Research Projects of Dr. M.W. Mak

Discriminative Models for Biological Sequence Labeling and Segmentation

 Because of the aging population, the pharmaceutical industry in China (including Hong Kong) has experienced a strong growth in recent years. Labeling and segmenting amino acids in protein sequences, such as the determination of signal-peptide cleavage sites, is an important process in drug design.
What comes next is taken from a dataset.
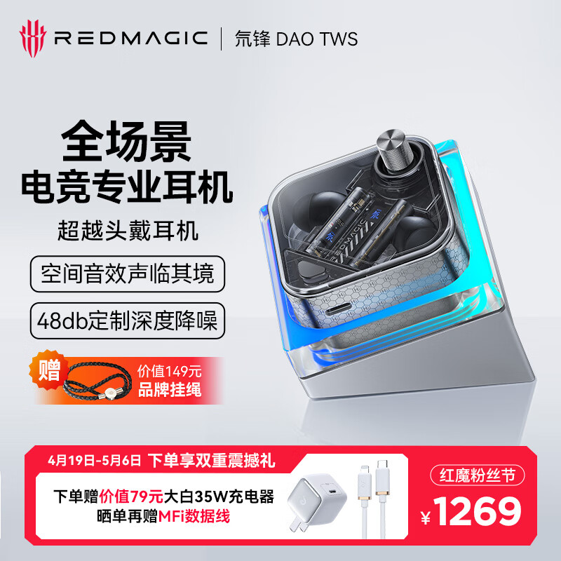 努比亚红魔氘锋DAO TWS全场景电竞耳机 手游端游笔记本电脑手机蓝牙5.3双模主动降噪低延迟价格:1269.00元!

Because performing such task by experimental means is too costly and time consuming, machine learning techniques have become increasingly important for the pharmaceutical industry. Neural networks and hidden Markov models have been the prevailing machine learning approaches to determining the cleavage sites of signal peptides. These approaches, however, have limitations in that their performance is highly dependent on the feature encoding schemes and that longrange dependences between labels and amino acids cannot be properly modeled. This project aims to alleviate these limitations by using discriminative models such as conditional random fields. To maximize the information extracted from protein sequences, the project proposes using the properties of short amino acid segments to determine real-value feature functions for constructing conditional random fields. The use of real-value features instead of Boolean ones allows us to use a wide range of amino acid properties that are relevant to the task, thus facilitating the incorporation of biological knowledge into the predictors. The ultimate goal of the project is to have a systematic selection of relevant features that can improve prediction accuracy. The proposed work will provide insight into some fundamental machine learning models. The proposed algorithm is also valuable to a variety of problem domains (e.g., speech and language processing) in which discriminative models play an important role.
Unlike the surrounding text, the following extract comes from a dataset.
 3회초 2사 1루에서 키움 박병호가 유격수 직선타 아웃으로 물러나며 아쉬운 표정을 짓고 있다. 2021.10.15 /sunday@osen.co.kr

Investigator: M.W. Mak and S.Y. Kung

Funding Source: RGC Competitive Bids, 2009.

 

Self-Supervised Feature Selection for Sequence Classification in Bioinformatics

 In recent years, we have witnessed a strong growth in the pharmaceutical industry in China (including Hong Kong), primarily because of the aging population in this region. Classification of proteins based on their amino acid sequences is an important process in drug design. Because performing such process by experimental means is too time consuming, machine learning techniques have become increasingly important for the pharmaceutical industry. One prevailing approach to protein classification is to perform pairwise comparisons between amino acid sequences. However, such method can easily lead to the curse of dimensionality and demands considerable computation resources. This project aims to alleviate these limitations by using feature selection techniques, i.e., selecting the features that are relevant to the classification task and removing those that are redundant. The proposal introduces two new types of learning, namely self-supervised and symmetric-doubly supervised learning, for feature selection. These learning scenarios provide theoretic justifications on why a particular set of features should be selected. To facilitate the fusion of different selection criteria and strategies, a pairwise scoring technique is proposed to convert the self-supervised scenario to the symmetric-doubly supervised one. The ultimate goal is to have a systematic selection of relevant features, which can improve prediction accuracy and computation efficiency. The proposed work will provide insight into some fundamental machine learning models. The proposed algorithm is also valuable to a variety of problem domains (e.g., biometrics) in which pairwise scoring play an important role.

Investigator: M.W. Mak and S.Y. Kung

Funding Source: RGC Competitive Bids, 2008.

 

Homology-Based Kernel Methods for Sequence Classification in Bioinformatics

The aging population in Hong Kong and mainland China leads to a significant growth in pharmaceutical industry in recent years. Prediction of protein functions and subcellular locations is an important process in drug design. Because determining this information by experimental means is time consuming, machine learning has become indispensable tools for pharmaceutical industry to enhance the effectiveness and efficacy of drugs. Currently, subcellular locations of proteins are typically determined by looking at their corresponding amino acid sequences. Although the performance of sequencebased methods has been improving over the years, most of them lack a sound theoretic justification to guarantee similar performance for new data. This project aims to develop a kernel-based classification method for proteins’ subcellular localization, and provides a theoretic justification to ensure predictable performance on new sequences. We will investigate the trade-off between the diagonal dominance of kernel matrices and Mercer’s condition, which will lead to an effective design guideline for constructing kernel-based predictors. The ultimate goal is to have a systematic selection of kernels, which can improve prediction accuracy and computation efficiency. Our proposed algorithm is also valuable to a variety of problem domains (e.g., biometrics) in which kernel methods play an important role.

Investigator: M.W. Mak and S.Y. Kung

Funding Source: RGC Competitive Bids, 2007.

 

Articulatory Feature-Based Pronunciation Modeling for Robust Speaker Verification

Conventional voice biometric systems typically model the vocal-tract characteristics of speakers by extracting the low-level spectral information from speech signals. These features, however, are known to be sensitive to channel mismatch and background noise. It is commonly believed that apart from using spectral contents, humans also recognize speakers based on their speaking style, prosody, intonation, accent, pronunciation characteristics, and so on. These high-level features carry the personality traits of individuals and are expected to be less susceptible to channel effects and background noise. This project aims to (1) capture the pronunciation characteristics of speakers by modeling how they articulate speech and (2) combine the pronunciation characteristics with spectral features for speaker verification. The project will provide new solutions to some of the practical problems encountered by speaker verification researchers today. These solutions will potentially help telecommunication service providers and financial service providers to open up new markets.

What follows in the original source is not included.